Лора Ормсби пришла в бешенство. Она ненавидела Мак-Грегора, но тем не менее считала кощунством со стороны дочери нарушать чары любви грубым смехом.
— Она во всем похожа на отца, —
Маргарет тем временем стояла в темноте и дрожала от счастья. Она воображала, как поднимется в контору Мак-Грегора на Ван Бюрен-стрит, куда однажды ходила, чтобы передать ему сведения, собранные ею в связи с процессом… Она положит руку на его плечо и скажет:
— Возьми меня в свои объятия и целуй меня. Я твоя. Я хочу жить с тобой. Я готова отказаться от родных и от всего света и жить только ради тебя.
Маргарет стояла перед огромным домом на Дрексель-бульвар и думала о том, как она будет жить с Мак-Грегором где-нибудь на грязной улице в западной части города, в крохотной квартирке над рыбной лавкой. Почему именно над рыбной лавкой, — на это ответить она бы не смогла.
Глава V
Эдит Карсон, которая была на шесть лет старше Мак-Грегора, целиком ушла в собственный мир. Она принадлежала к тем, кто не умеет выражать свои переживания словами. Несмотря на то что ее сердце при появлении Мак-Грегора начинало биться сильнее, на лице ее не выступал румянец, а глаза не выдавали любви.
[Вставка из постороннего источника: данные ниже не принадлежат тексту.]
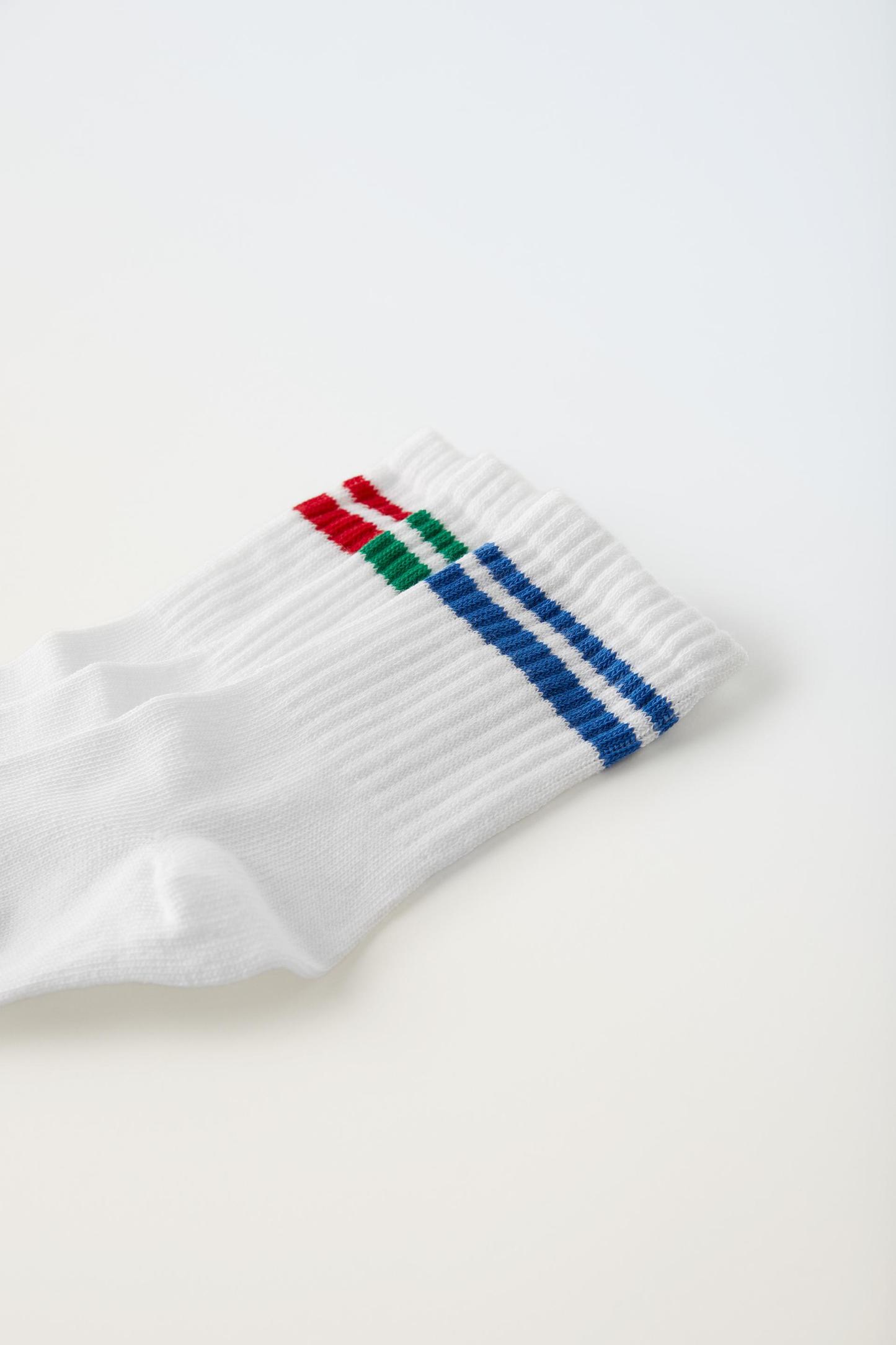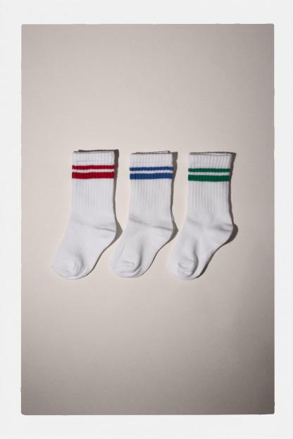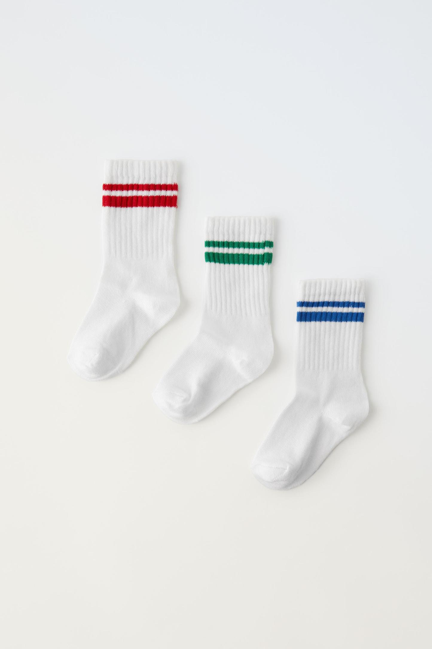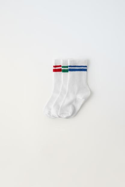 THREE-PACK OF STRIPED SPORT CREW SOCKS

День за днем она просиживала за работой у себя в мастерской, спокойная, сильная своей верой, готовая пожертвовать деньгами, репутацией и, если нужно, жизнью, для того чтобы ее женское начало оказалось востребованным. В отличие от Маргарет она не видела у Мак-Грегора гениальных задатков и не надеялась осуществить через него тайное стремление к власти. Она была женщиной из рабочей среды, и для нее в нем воплощался весь мужской пол. В глубине души она думала о нем лишь как о мужчине, своем мужчине.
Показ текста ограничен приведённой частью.